Recommended CSDN Bloggers
| Blogger | Blog | Known For |
|---|---|---|
| Hongyang | blog.csdn.net/lmj623565791 | Practical tutorials, MOOC courses |
| Guo Lin | blog.csdn.net/guolin_blog | Author of The First Line of Code |
| Ren Yugang | blog.csdn.net/singwhatiwanna | APK dynamic loading framework, Baidu |
| Mr.Simple | blog.csdn.net/bboyfeiyu | Source code analysis, HTTP framework tutorials |
| AigeStudio | blog.csdn.net/aigestudio | Deep custom View series |
| Android_Tutor | blog.csdn.net/android_tutor | Detailed beginner tutorials |
Code Samples
- 23CODE (link may no longer be available) — great examples, updated irregularly
- APKBUS (link may no longer be available) — like iOS’s code4app, sample code collection
- xiulian (修炼源码) (link may no longer be available) — personal site, good examples
- godcoder (link may no longer be available) — sample code collection
Other Resources
- IBM DeveloperWorks Java Community — where I learned HashMap…

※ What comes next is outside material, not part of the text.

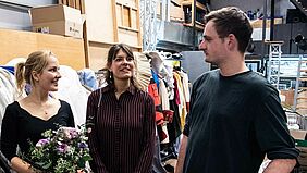 Für den Entwurf des Bühnenbildes, wie auch für Requisite und Kostüme, haben Studierende aus den Studiengängen Innenarchitektur sowie Kommunikationsdesign und Medien der Fakultät Gestaltung der Hochschule Wismar mit dem Ensemble zusammengearbeitet. Ziel war es eine Bühnensituation zu schaffen, die durch wenige Umbauten verschiedene Handlungsorte darstellen kann. Es entstanden unter anderem eine Drehbühne, die mit Licht und Projektionen arbeitet, surreal wirkende Alltagsgegenstände, epochentypische Kostüme aus verschiedenen Jahrhunderten und ein V-förmig geschnittenes Programmheft.

- stormzhang — Android Studio tutorial series
- Google Android Training Course in Chinese (GitHub)
Q&A
- Stack Overflow — the programmer’s essential tool. Search Chinese forums for simple questions; hit Stack Overflow for the tough ones.
Android Advanced
At this stage… well, I don’t have much to write — my sophistication level is about to drop.
- Git: The modern VCS, essential for interviews at internet companies
- Git Cheat Sheet (Chinese)
- Git Complete Guide (link may no longer be available)
- GitHub: Your resume booster, open-source essential
- Chen Hao - CoolShell — interesting tech topics and deep thoughts
- Luo Shengyang — deep Android source code analysis, for those who want to understand how Android works internally
- Programming Coder Weekly Categorized — organized by language and topic
- Android Open Project Collection — curated by Trinea
- The Art of Programming: Interview and Algorithms
- Awesome Android UI — curated list of Android UI/UX libraries
Gear Advice
I recommend non-.NET developers use a Mac. Check out Chi Jianqiang’s Mac tutorials. The main advantages:
- Native command-line environment
- Wide selection of quality software
- Easy setup — can dabble in iOS development
- Battery life — 9 hours by 2015 standards
For IDEs, most companies in 2015 still used Eclipse + JDK 1.6. I personally recommended Android Studio + JDK 1.8 — it was clearly the future. Today, Android Studio is the official standard; Eclipse is no longer recommended.
Notes
All resources above were verified at the time of publication. You are free to share them without attribution — my goal in posting this is to help every Android developer. It took me about an afternoon to compile these links, and I hope they help you.
I also ask that content aggregators respect the hard work of the bloggers listed above. Even if you share just a simple Activity after your own efforts, that carries its own pride. Thank you.